However, a resonator as described in EP1544967A1 cannot ensure an actual whispering gallery operation mode, and cannot assure that the maximum of the emission is performed in vertical direction. In fact, the advantages of such a resonator providing are that vertically emitting planar laser devices can be made. In particular, only if the lattice is a second order one, i.e. only if the lattice pitch corresponds to the radiation wave length, or if a higher order lattice pitch that is multiple of the second order, i.e. if the lattice pitch is a multiple of the radiation wave length, the maximum radiation intensity is obtained in a vertical direction.

However, in a circular symmetry laser device, once the wavelength has been fixed, the most preferred laser emitting mode may also provide a vector of propagation which has a radial component, such that the lattice, even if it has a pitch that corresponds to the radiation length, behaves actually as a first order lattice, and the maximum of the radiation intensity that is emitted by the laser resonator is remarkably diverging, and is of scarce practical use.

Summary of the invention

It is therefore a feature of the present invention to provide a laser resonator that allows a whispering gallery type operation mode in which the maximum radiation is obtained in a vertical direction.

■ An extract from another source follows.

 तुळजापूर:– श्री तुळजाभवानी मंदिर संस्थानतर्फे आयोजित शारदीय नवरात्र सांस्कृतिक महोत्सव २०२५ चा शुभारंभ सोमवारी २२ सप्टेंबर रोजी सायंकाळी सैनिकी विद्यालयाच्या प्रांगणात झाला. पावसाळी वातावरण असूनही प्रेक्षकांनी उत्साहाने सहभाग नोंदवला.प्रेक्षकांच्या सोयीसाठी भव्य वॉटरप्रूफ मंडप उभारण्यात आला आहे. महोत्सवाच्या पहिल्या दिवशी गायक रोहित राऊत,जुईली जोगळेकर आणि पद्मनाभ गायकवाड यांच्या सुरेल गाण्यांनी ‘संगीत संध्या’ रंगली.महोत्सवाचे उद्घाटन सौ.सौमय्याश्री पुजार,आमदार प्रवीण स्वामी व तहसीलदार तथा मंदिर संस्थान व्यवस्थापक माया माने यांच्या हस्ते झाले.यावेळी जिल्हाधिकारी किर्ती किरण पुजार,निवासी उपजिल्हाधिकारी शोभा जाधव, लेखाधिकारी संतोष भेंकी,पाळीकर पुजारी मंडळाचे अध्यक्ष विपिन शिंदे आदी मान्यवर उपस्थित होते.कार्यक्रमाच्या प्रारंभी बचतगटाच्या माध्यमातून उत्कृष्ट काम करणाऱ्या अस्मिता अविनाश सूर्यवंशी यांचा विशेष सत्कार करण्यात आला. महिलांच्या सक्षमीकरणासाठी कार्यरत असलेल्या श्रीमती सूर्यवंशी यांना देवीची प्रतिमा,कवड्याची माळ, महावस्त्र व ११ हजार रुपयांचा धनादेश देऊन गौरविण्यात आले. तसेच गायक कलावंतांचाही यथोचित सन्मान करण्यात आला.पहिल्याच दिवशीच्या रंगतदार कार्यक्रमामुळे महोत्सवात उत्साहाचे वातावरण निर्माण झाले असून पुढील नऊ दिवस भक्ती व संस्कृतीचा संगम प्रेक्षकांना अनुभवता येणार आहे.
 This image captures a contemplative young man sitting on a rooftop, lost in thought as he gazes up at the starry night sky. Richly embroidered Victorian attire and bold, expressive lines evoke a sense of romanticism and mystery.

It is also a feature of the present invention to provide a laser resonator that allows a laser emission in the terahertz frequency range, and, in particular, a laser resonator that has a quantum-cascade active region.

It is also a feature of the present invention to provide a laser resonator that allows emitting a regular profile, low divergence and high efficiency radiation.

These and other objects are achieved by a planar resonator which is adapted to be associated to a laser, said resonator comprising an planar active region, a first and a second wave-guiding layer that contains said active region; wherein said resonator has a shape that is defined by a perimeter, along said perimeter said first wave-guiding layer having a plurality of radial cuts that form a lattice, wherein the number of said cuts is a prime number or an odd number that is a multiple of a prime number, said prime number greater than or equal to five.

This way, the formation of resonance modes that extend out of the cut zone or which have a wave vector with a zero component in the radial direction is avoided. Therefore, a real whispering gallery type operating mode is obtained, in which the maximum of the radiation takes place in a vertical direction, i.e. orthogonally to the plane of the laser resonator.

In particular, when the number of radial cuts is a prime number, the laser action surprisingly does not evolve according to one of the resonator modes by the which lattice behaves as if it were an even order lattice; instead, the lattice behaves as if it were a second or higher order lattice. More precisely, let λ be the wavelength of the radiations as emitted by the laser, Λ be the lattice pitch, i.e., the distance between two cuts, and K = 2π/λ be the wave vector of the radiations, the lattice behaves as a second order lattice, if the component of K in the circumferential direction of the lattice is 2π/Λ, whereas the lattice behaves as a first order lattice if the component of K in the circumferential direction of the lattice is π/Λ. This is possible, even if a same λ value is kept, which has a radial component that is different from zero. This radial component causes, however, a preferential emission direction that is no longer vertical .

Instead, if the number of the cuts along the laser resonator boundary is a prime number, the lattice does not allow the circumferential component to be π/Λ; therefore the lattice behaves like a second order lattice and ensures a vertical laser emission.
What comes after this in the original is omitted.